Background: Nonsurgical treatment in uncomplicated appendicitis is in many cases a reasonable option, despite the sparsity of robust, easy access, externally validated and multimodally informed clinical decision support systems (CDSS). Developed by OpenAI, the Generative Pre trained Transformer 3.5 model (GPT 3), may provide enhanced decision support for surgeons in less certain appendicitis cases or those posing a higher risk for (relative) operative contra indications. Our objective was to determine whether GPT 3.5, when provided high throughput clinical, laboratory and radiological text based information will come to similar clinical decisions as a machine learning model and a board certified surgeon (reference standard) in decision making for appendectomy versus conservative treatment.

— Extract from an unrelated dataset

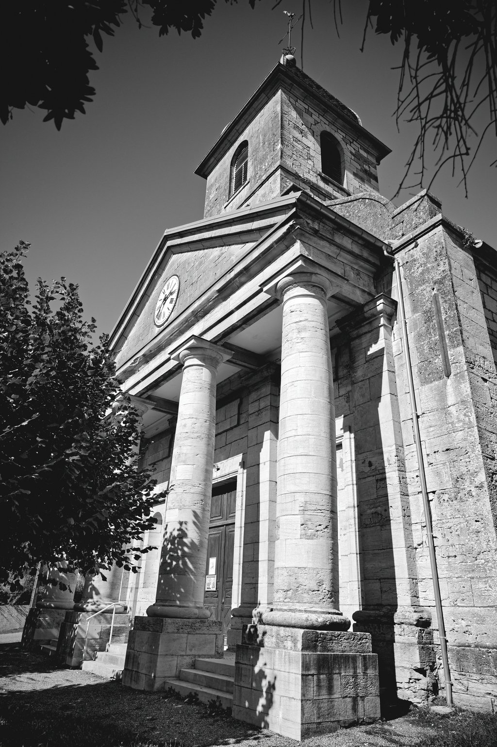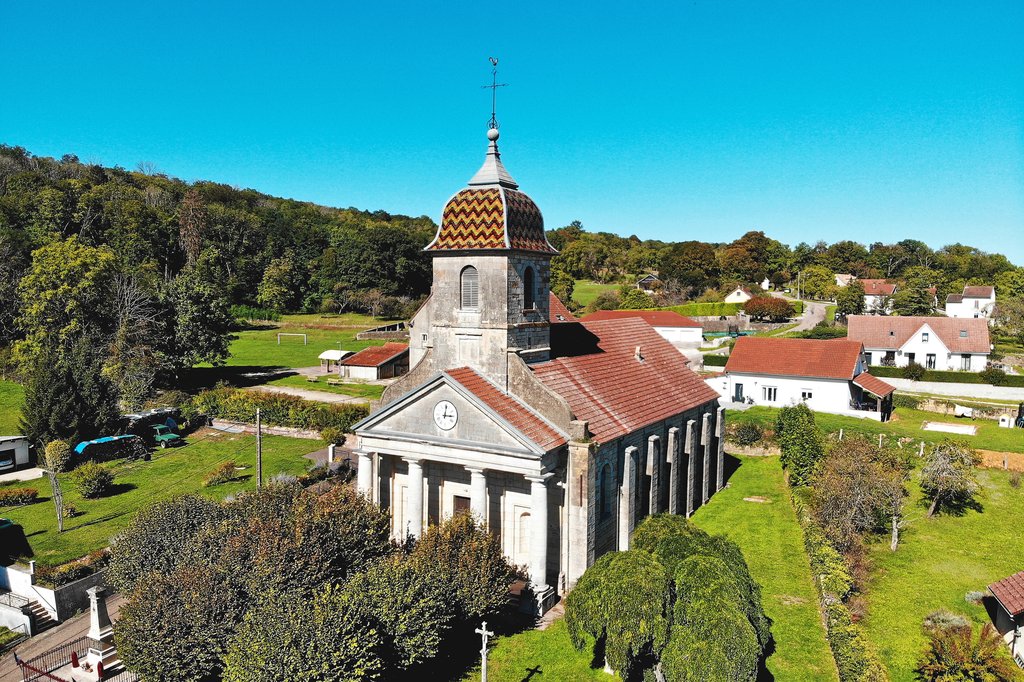 Elle fut déplacée et reconstruite dans les années 1780. La large façade présente un grand portique de quatre colonnes doriques trapues, en forme de temple, à fronton triangulaire construit en 1831. Clocher-porche à toit bulbeux avec deux cloches de 1784 et 1861 ; celle baptisée en 1784, a pour parrain, Charles Roger Prince de Bauffremont, et pour marraine, Marie Françoise de Charnage, épouse de Philibert Foillenot de Magny, conseillé au parlement de Besançon.

Methods: In this cohort study we randomly collected patients presenting at the Emergency Department (ED) of two German hospitals (GFO, Troisdorf and University Hospital Cologne) with right abdominal pain between October 2022 and October 2023. Statistical analysis was performed using R, version 3.6.2, on RStudio, version 2023.03.0+386. Overall agreement between GPT 3.5 output and the reference standard was assessed by means of inter observer kappa values as well as accuracy, sensitivity, specificity, positive and negative predictive value with the “Caret” and “irr” package. Statistical significance was defined as p < 0.05.

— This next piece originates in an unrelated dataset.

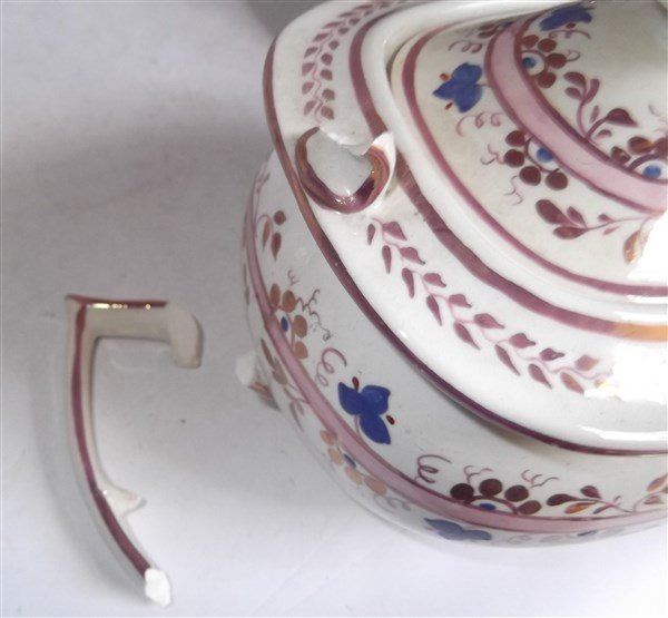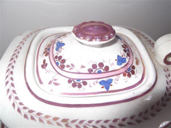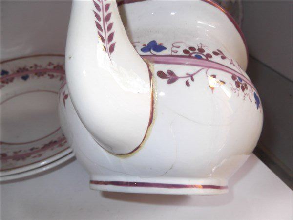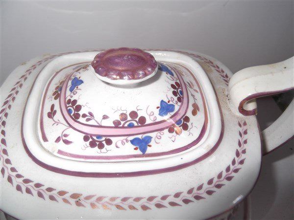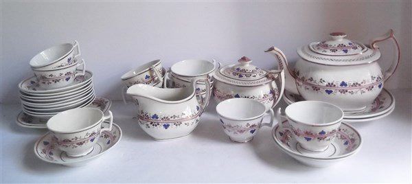 Early 20th c. English dishes, cups, saucers, tea pot. Not a complete set. 2 plates- 8 inches diam; tea pot- 6 inches high x 10 inches wide; 10 cups- 2 1/2 inches high x 3 1/2 inches diam.; 12 saucers- 5 1/2 inches

Results: There was agreement between surgeon decision and GPT 3.5 in 102 of 113 cases and all cases where the surgeon decided upon conservative treatment were correctly classified by GPT 3.5. The estimated model training accuracy was 83.3 % (95% CI: 74.0, 90.4), while the validation accuracy for the model was 87.0 % (95% CI: 66.4, 97.2). This in comparison to the GPT 3.5 accuracy of 90.3% (95% CI: 83.2, 95.0), which did not perform significantly better in comparison to the machine learning model (P = 0.21).
Conclusions: This to our knowledge first “intended use” for surgical treatment GPT 3.5 study comparing surgical decision making versus algorithm found a high degree of agreement between board certified surgeons and GPT 3.5 for surgical decision making in patients presenting to the emergency department with lower abdominal pain.